▶ Exercise prompt: What you return must match the listing below exactly, minus any pictures.
=== Data to process ===
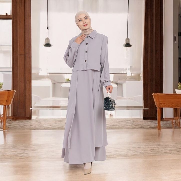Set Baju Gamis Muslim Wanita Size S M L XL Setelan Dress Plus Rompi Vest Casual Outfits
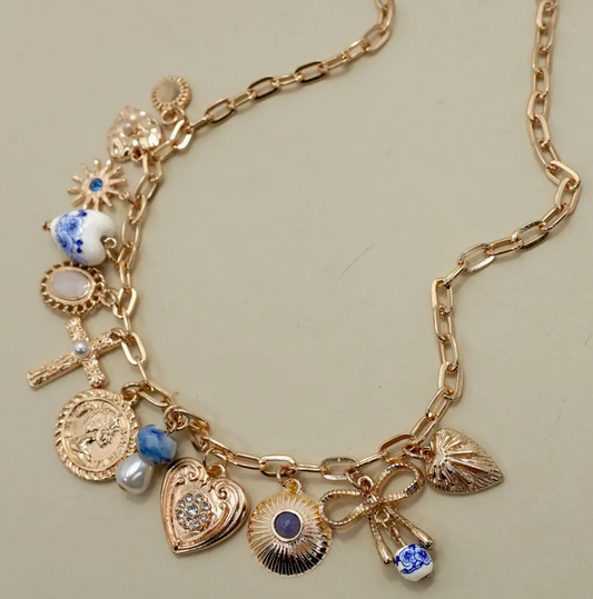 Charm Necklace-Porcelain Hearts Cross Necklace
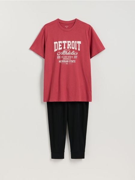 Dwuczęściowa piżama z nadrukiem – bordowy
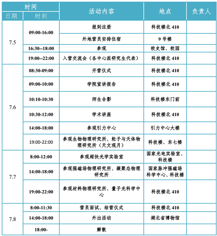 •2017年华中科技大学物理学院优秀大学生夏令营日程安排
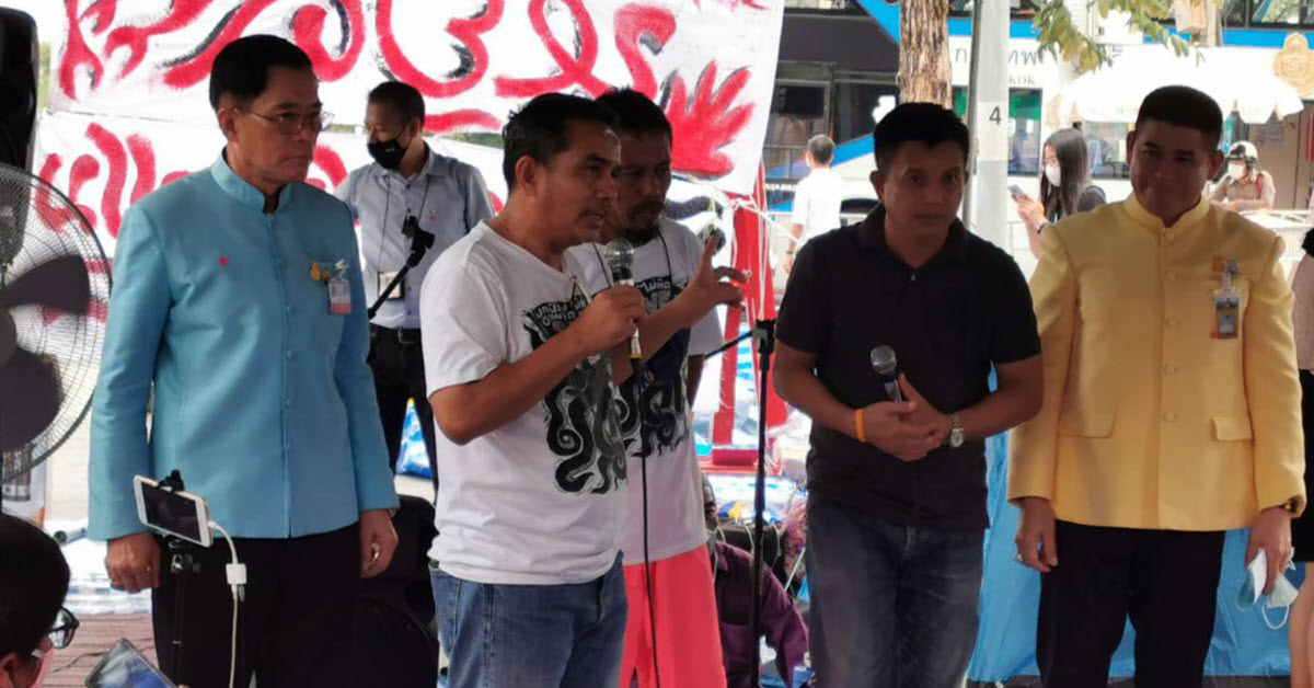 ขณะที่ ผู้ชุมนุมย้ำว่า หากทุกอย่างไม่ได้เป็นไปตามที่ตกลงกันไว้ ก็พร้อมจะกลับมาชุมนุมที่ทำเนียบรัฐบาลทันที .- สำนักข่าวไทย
===
▶ Answer box:
Set Baju Gamis Muslim Wanita Size S M L XL Setelan Dress Plus Rompi Vest Casual Outfits
 Charm Necklace-Porcelain Hearts Cross Necklace
 Dwuczęściowa piżama z nadrukiem – bordowy
 •2017年华中科技大学物理学院优秀大学生夏令营日程安排
 ขณะที่ ผู้ชุมนุมย้ำว่า หากทุกอย่างไม่ได้เป็นไปตามที่ตกลงกันไว้ ก็พร้อมจะกลับมาชุมนุมที่ทำเนียบรัฐบาลทันที .- สำนักข่าวไทย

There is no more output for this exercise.